Director Brian C Hutton’s 1966 comedy The Pad (and How to Use It) stars Brian Bedford, Julie Sommars and James Farentino, who won the Golden Globe for Most Promising Newcomer – Male.
Ah, the Sixties, when trendy young swingers had pads instead of loft apartments!
Bedford repeats his stage role in this disappointing, over-done Americanised version of Peter Shaffer’s one-act play The Private Ear, in which the sensitive hero, shy bachelor boy Bob (Bedford), loses his girl Doreen (Sommars), with the woman he met at a classical music concert, to his smarmy best friend Ted (Farentino) during his first date in his pad.
The performances are game but the farcical tone is quite wrong for a study of loneliness, and the LA setting and additional scenes to drag it out from a short playlet to movie length are drawbacks.
The title supposedly recalls The Knack… and How to Get It.

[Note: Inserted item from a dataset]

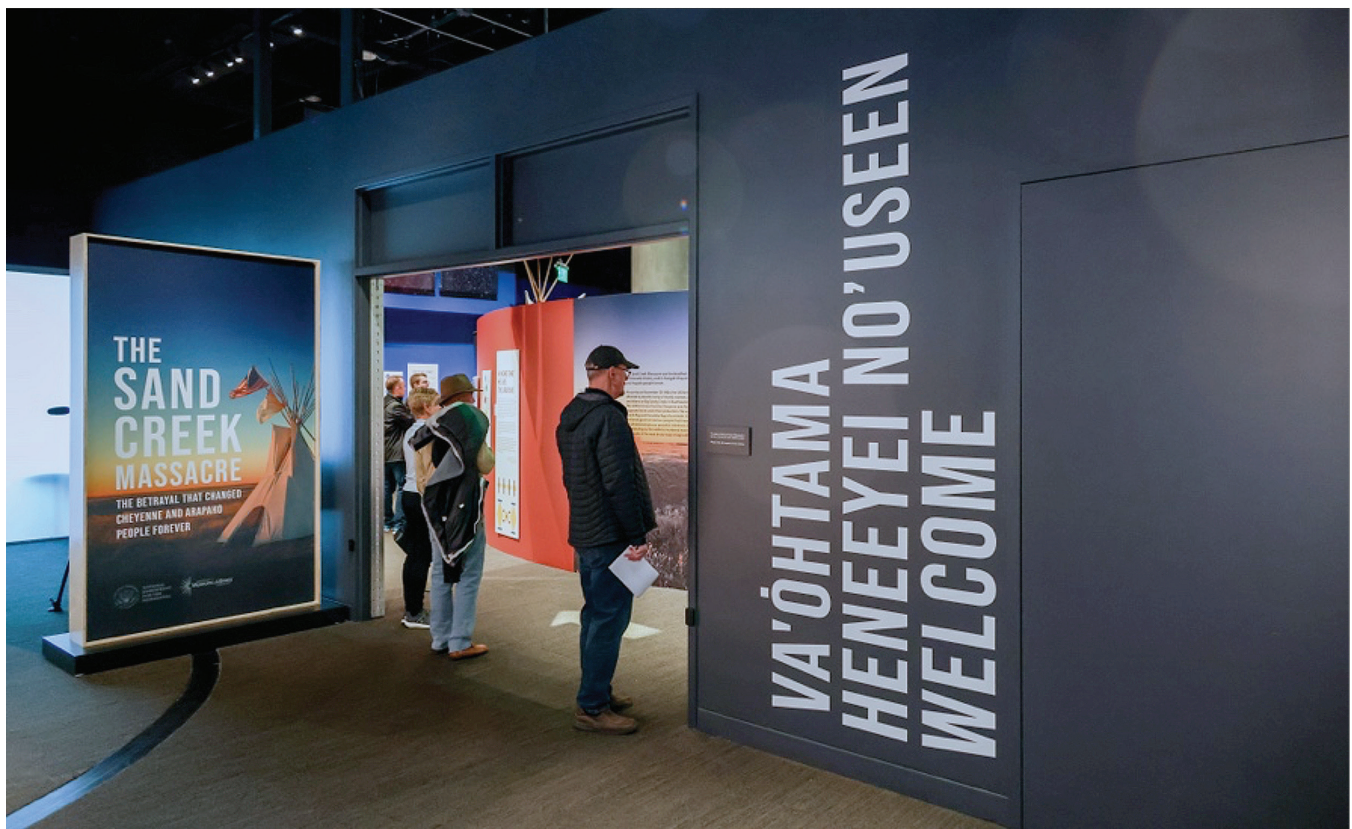
FIGURE 11. The entrance to History Colorado’s Sand Creek exhibit.

The other half of Shaffer’s theatre double bill, The Public Eye, was filmed in 1972 as Follow Me.
Also in the cast are Edy Williams, Nick Navarro and Pearl Shear.

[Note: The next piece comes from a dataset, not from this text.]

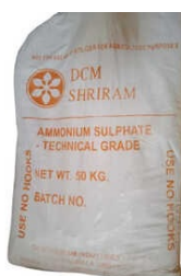
AMMONIUM SULFATE DCM

Clever word play in the sell line though: ‘The story of a square who gets caught in a triangle!’
The Pad (and How to Use It) is directed by Brian C Hutton, runs 86 minutes, is made by Ross Hunter Productions, is released by Universal, is written by Thomas C Ryan and Ben Starr, based on Peter Shaffer’s one-act play The Private Ear, is shot by Ellsworth Fredericks (Technicolor), is produced by Ross Hunter and is scored by Russ Garcia.
It is shot at Universal Studios, 100 Universal City Plaza, Universal City, California.
James Farentino died at 73 on in Los Angeles.
Brian G Hutton 1935 – 2014.
Brian Bedford died at 80 on January 13, 2016 in Santa Barbara, California.